Camerota came out strong against the president and the White House Wednesday, comparing him to author “George Orwell in 1984” and accusing him of trying to redact facts from the public. (RELATED: CNN’s ‘New Day’ Accuses White House Of Tampering With Putin Transcript Then Gets Debunked)
“We want to issue a clarification,” Camerota said on “New Day” Thursday. “We discussed how the official White House transcript from the Helsinki summit between President Trump and Vladimir Putin omits a portion of a question … ‘President Putin, did you want President Trump to win the election? And did you direct any of your officials to help him do that.’ Putin responded saying ‘Yes I did.'”
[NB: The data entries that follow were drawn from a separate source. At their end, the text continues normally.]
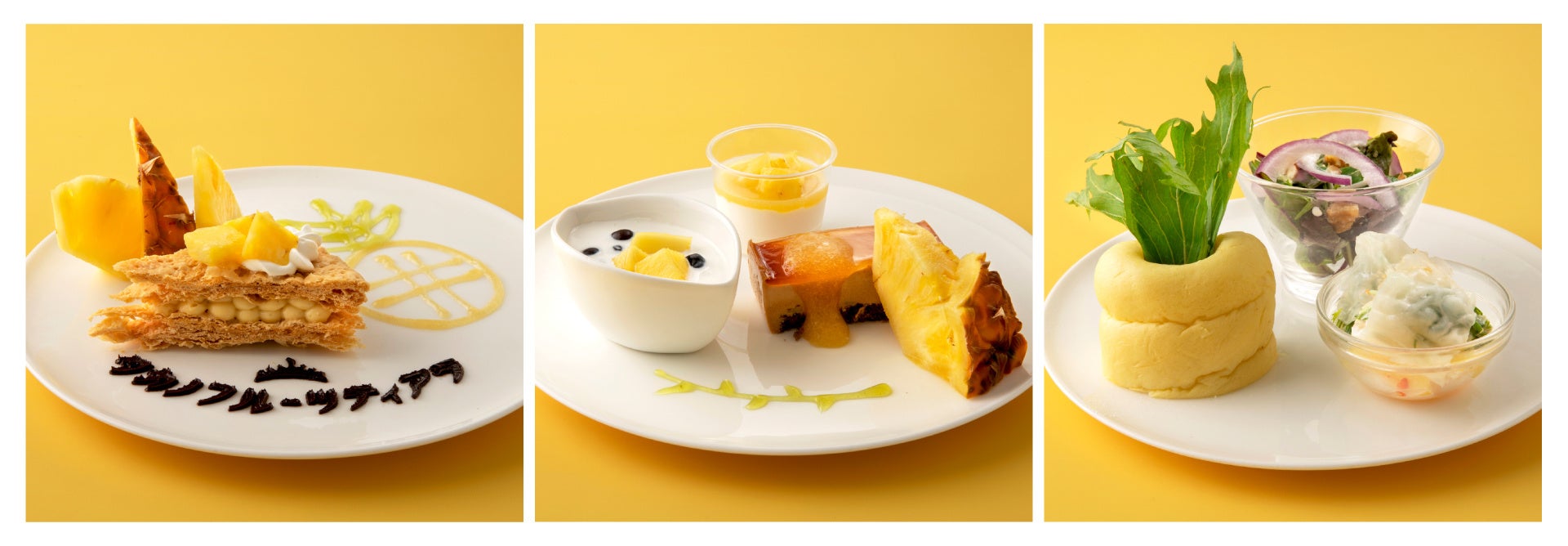 キャラメルケーキ~パインソースがけ~/パインのココナッツミルク/アングレーズムース~パイン仕立て~
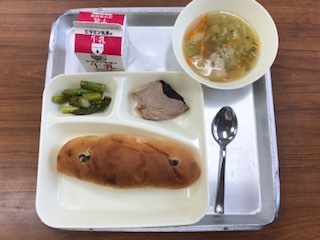 献立:かつおのガーリック焼き、鶏肉とじゃがいものスープ、グリーンアスパラガスのサラダ、パン、牛乳
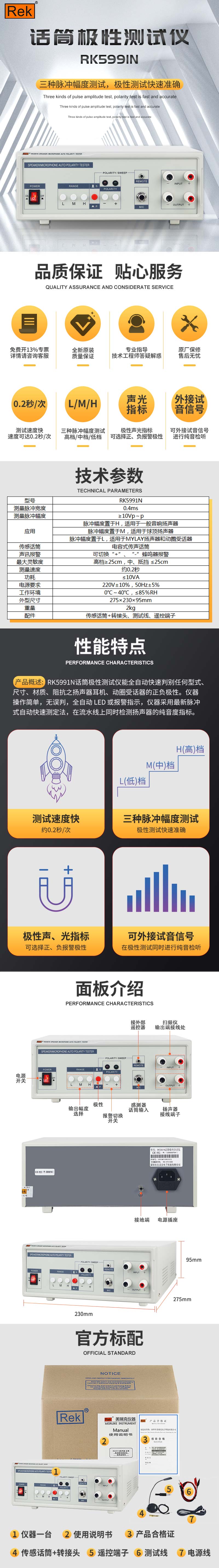 RK5991N话筒极性测试仪能全自动快速判别任何型式、尺寸、材质、阻抗之扬声器耳机、动圈受话器的正负极性。仪器操作简单,绝无误判,全自动 LED 或报警指示,仪器采用最新脉冲式自动快速测定法,在流水线上同时检测扬声器的纯音度指标。
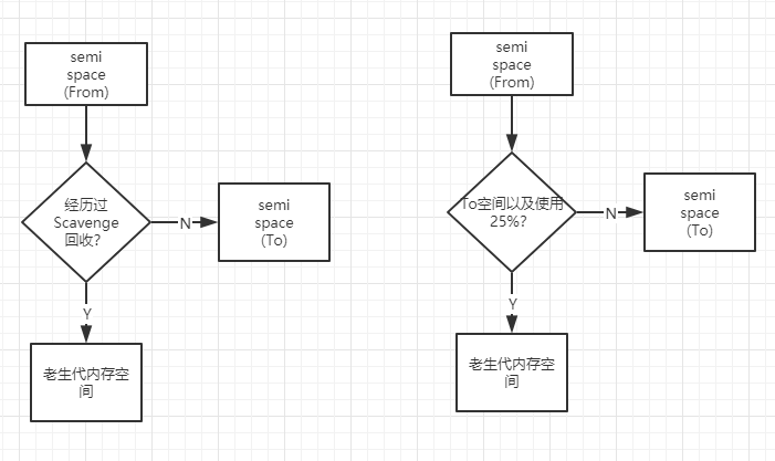 - 新生代:存放一些比较小而且存放时间比较少的变量,最开始的时候,新生代的变两个会全部放在(From)这个空间内,当我们 时,新生代内存需要回收时,会把还活着的变量复制到(To)空间内,把(From)空间内的内容全部清空,这样做的目的是用空间来换时间,总是有一半的空间是空置的
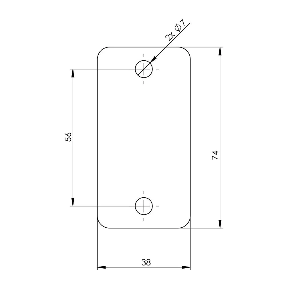 - Abmessungen der Grundplatte (Montageplättchen): 74 × 38 mm

“In a graphic that we aired and in a statement that we made, we reported that the White House deleted the question about wanting the president to win from the transcript,” she continued. “The White House has since explained that, that discrepancy was caused by a technical glitch.”
Camerota expressed a feeling of solace and said she was “relieved” the mistake was not intentional.
“I can’t tell you, John, how relieved I am to read this clarification,” she declared. “I was so concerned, yesterday, that it was intentional. The idea that it is a technical glitch is such a relief. Because the idea that they would be intentionally scrubbing something from the official record on the day it came out … when President Trump said at his rally, ‘Just remember what you’re seeing and reading is not what is happening,’ — That made it seem as though there was something was happening behind the scenes. But the idea of a technical glitch, that is a huge relief.”
Camerota wasn’t the only one who had to walk back criticism of the White House. MSNBC’s Joe Scarborough was forced to delete a tweet Wednesday, comparing Trump’s strategies to murderous dictator Joseph Stalin, after a Washington Post article debunked claims of political censorship.